Department of Laboratory Medicine and Pathobiology, University of Toronto, Toronto, Ontario, Canada.
PLoS One. 2011;6(8):e24032. doi: 10.1371/journal.pone.0024032. Epub 2011 Aug 26.
Inositol stereoisomers, myo- and scyllo-inositol, are known to enter the brain and are significantly elevated following oral administration. Elevations in brain inositol levels occur across a concentration gradient as a result of active transport from the periphery. There are two sodium/myo-inositol transporters (SMIT1, SMIT2) that may be responsible for regulating brain inositol levels. The goals of this study were to determine the effects of aging and Alzheimer's disease (AD)-like amyloid pathology on transporter expression, to compare regional expression and to analyze substrate requirements of the inositol transporters. QPCR was used to examine expression of the two transporters in the cortex, hippocampus and cerebellum of TgCRND8 mice, a mouse model of amyloid pathology, in comparison to non-transgenic littermates. In addition, we examined the structural features of inositol required for active transport, utilizing a cell-based competitive uptake assay. Disease pathology did not alter transporter expression in the cortex or hippocampus (p>0.005), with only minimal effects of aging observed in the cerebellum (SMIT1: F(2,26) = 12.62; p = 0.0002; SMIT2: F(2,26) = 8.71; p = 0.0015). Overall, brain SMIT1 levels were higher than SMIT2, however, regional differences were observed. For SMIT1, at 4 and 6 months cerebellar SMIT1 levels were significantly higher than cortical and hippocampal levels (p<0.05). For SMIT2, at all three ages both cortical and cerebellar SMIT2 levels were significantly higher than hippocampal levels (p<0.05) and at 4 and 6 months of age, cerebellar SMIT2 levels were also significantly higher than cortical levels (p<0.05). Inositol transporter levels are stably expressed as a function of age, and expression is unaltered with disease pathology in the TgCRND8 mouse. Given the fact that scyllo-inositol is currently in clinical trials for the treatment of AD, the stable expression of inositol transporters regardless of disease pathology is an important finding.

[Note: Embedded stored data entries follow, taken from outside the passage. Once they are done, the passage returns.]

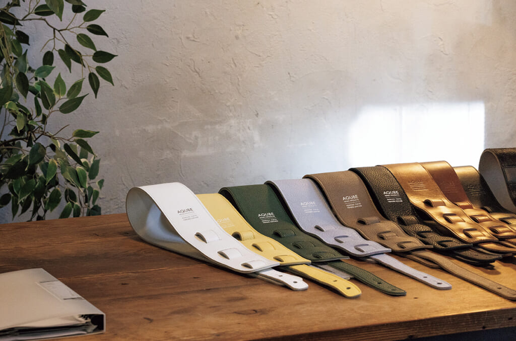 アイテムにはすべて、高級感溢れる上質な天然皮革を採用。今までの楽器用ストラップにはないデザイン性と機能性をあわせ持ったアイテムを取り揃える。
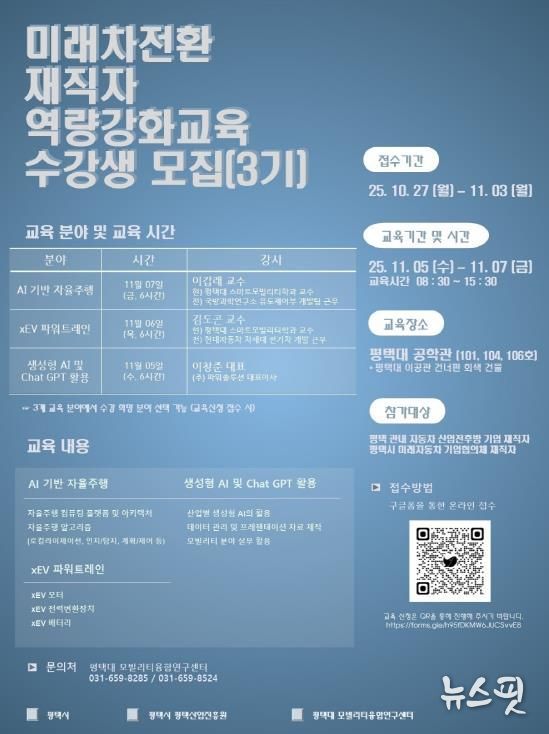 교육 운영기관인 평택대학교는 강사진 구성과 실습환경 및 교육 품질 관리 등 전체 과정을 직접 담당하며, 1ܨ기 교육을 통해 축적된 피드백을 반영해 3기 과정에서는 AI·전기전장 융합 분야 및 생성형 AI 실습을 강화했다.
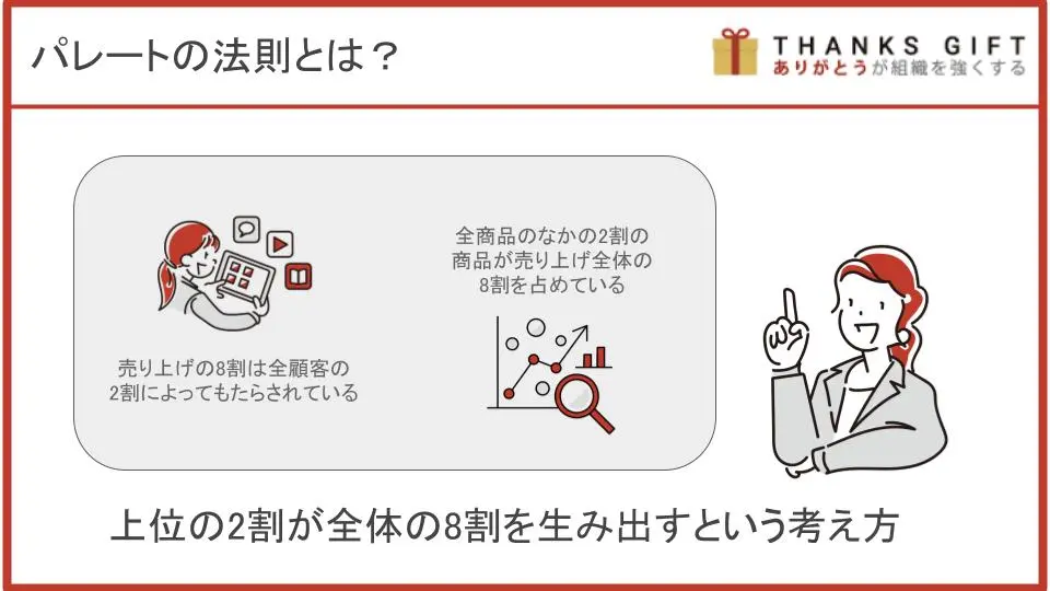 「パレートの法則」は上位の2割が全体の8割を生み出すという考え方で、イタリアの経済学者ヴィルフレド・パレートが提唱しました。
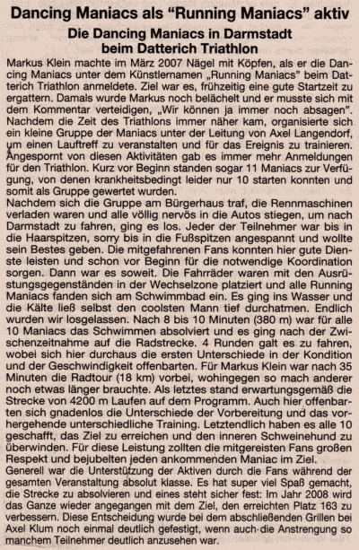 Die Dancing Maniac’s engagieren sich im örtlichen Vereinsleben und gestalten das Kulturelle Leben der Gemeinde mit.
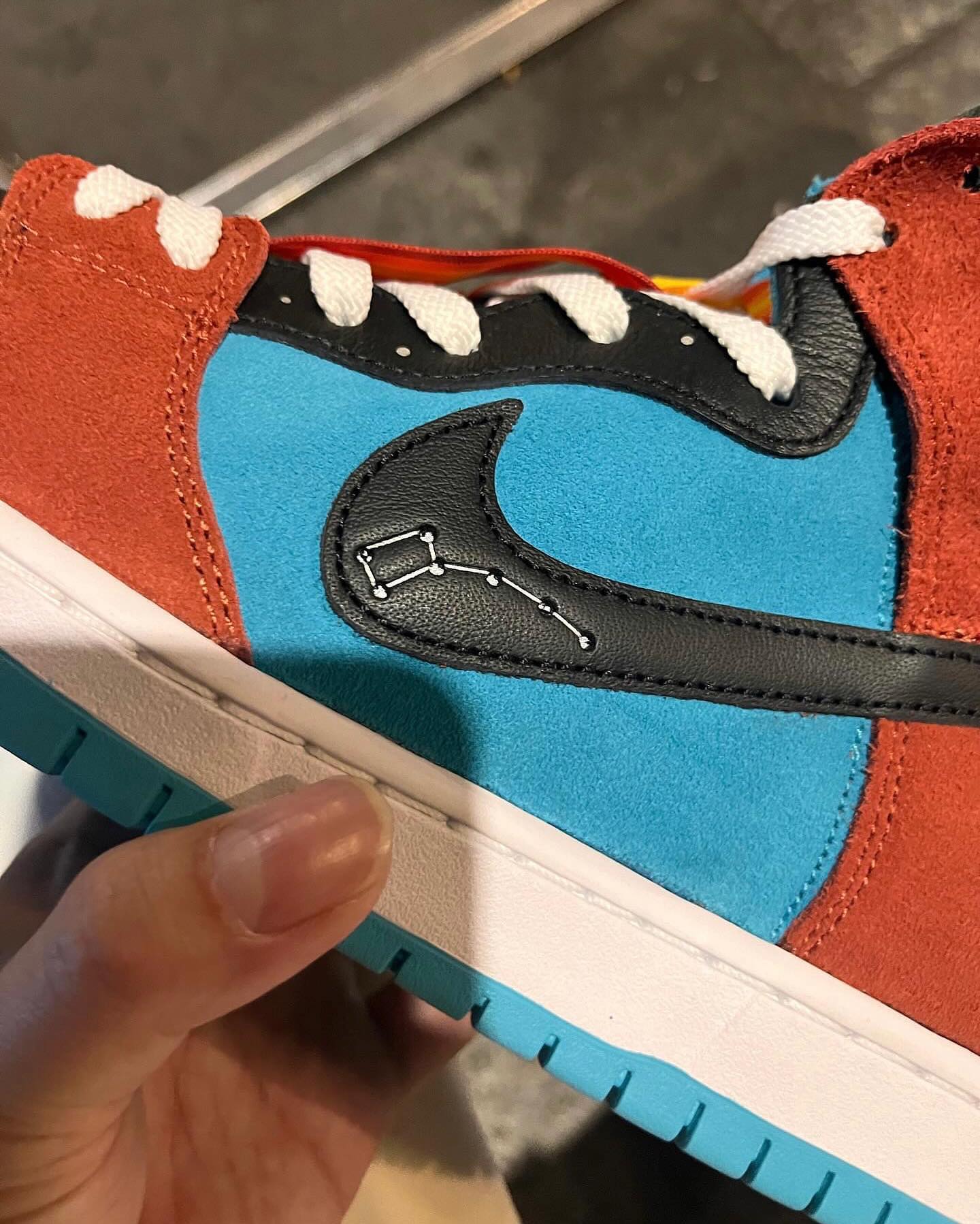 鞋头处的网眼采用北极星造型设计,同时在 Swoosh 上绣有星座图案。
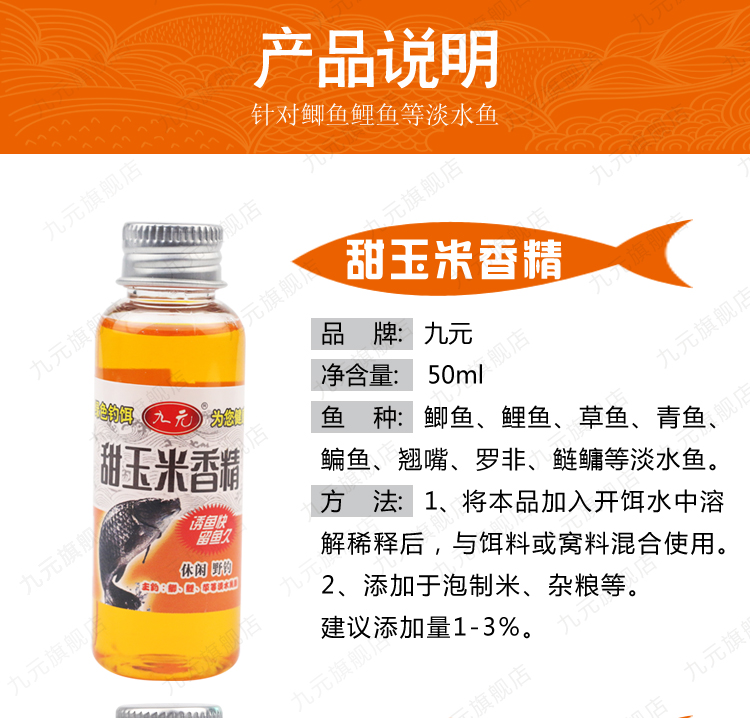 📚 九元甜玉米香精麝香王水剂高浓缩小药药酒钓鱼饵料添加剂黑坑小药
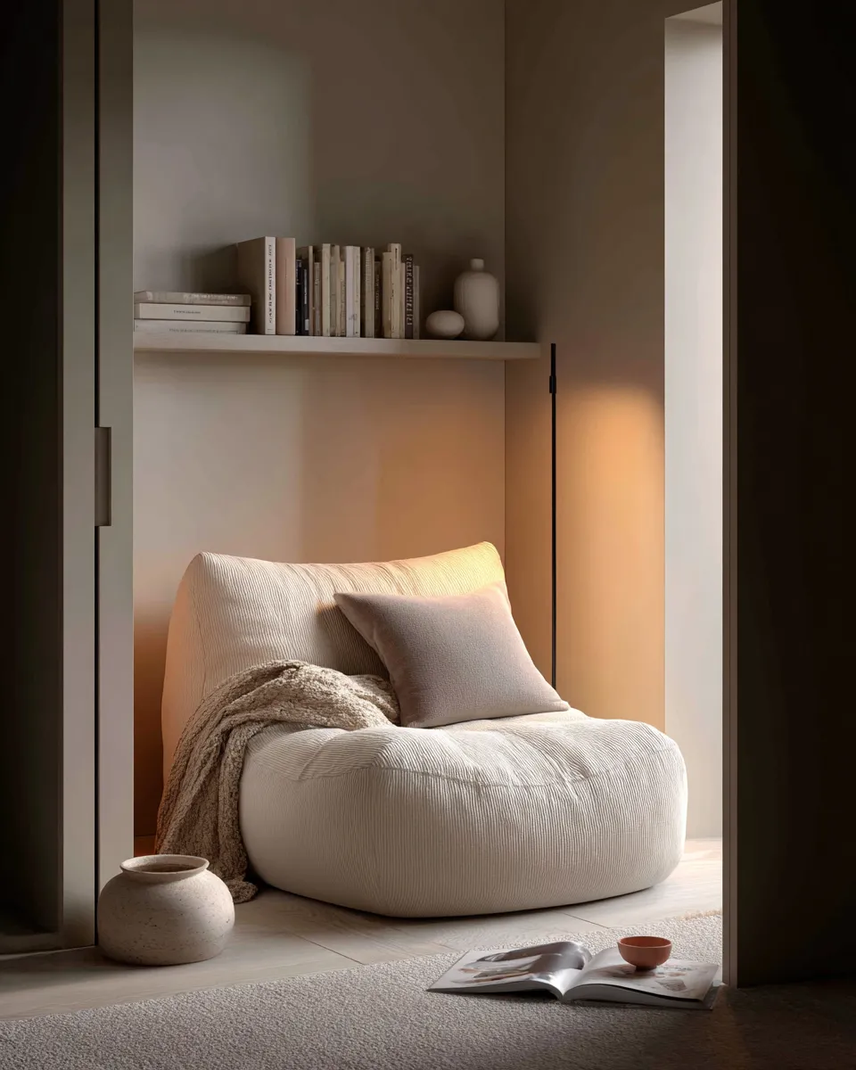 Create your personal sanctuary for quiet moments. A minimalist reading nook is all about comfort, simplicity, and embracing negative space.

肌醇立体异构体,即肌醇和鲨肌醇,已知能进入大脑,并在口服后显著升高。由于从外围的主动转运,脑内肌醇水平沿浓度梯度升高。有两种钠/肌醇转运体(SMIT1、SMIT2)可能负责调节脑内肌醇水平。本研究的目的是确定衰老和阿尔茨海默病(AD)样淀粉样蛋白病理对转运体表达的影响,比较区域表达,并分析肌醇转运体的底物要求。QPCR 用于检测 TgCRND8 小鼠(一种淀粉样蛋白病理模型)的大脑皮质、海马和小脑中两种转运体的表达,与非转基因同窝仔鼠进行比较。此外,我们还利用基于细胞的竞争摄取测定法,检查了主动转运所需的肌醇结构特征。疾病病理没有改变皮质或海马中的转运体表达(p>0.005),仅在小脑中观察到衰老的微小影响(SMIT1:F(2,26)=12.62;p=0.0002;SMIT2:F(2,26)=8.71;p=0.0015)。总的来说,大脑 SMIT1 水平高于 SMIT2,但观察到了区域差异。对于 SMIT1,在 4 个月和 6 个月时,小脑 SMIT1 水平明显高于皮质和海马水平(p<0.05)。对于 SMIT2,在所有三个年龄阶段,皮质和小脑 SMIT2 水平均明显高于海马水平(p<0.05),在 4 个月和 6 个月时,小脑 SMIT2 水平也明显高于皮质水平(p<0.05)。肌醇转运体水平作为年龄的函数稳定表达,并且在 TgCRND8 小鼠中,疾病病理不会改变其表达。鉴于目前鲨肌醇正在进行 AD 治疗的临床试验,无论疾病病理如何,肌醇转运体的稳定表达都是一个重要发现。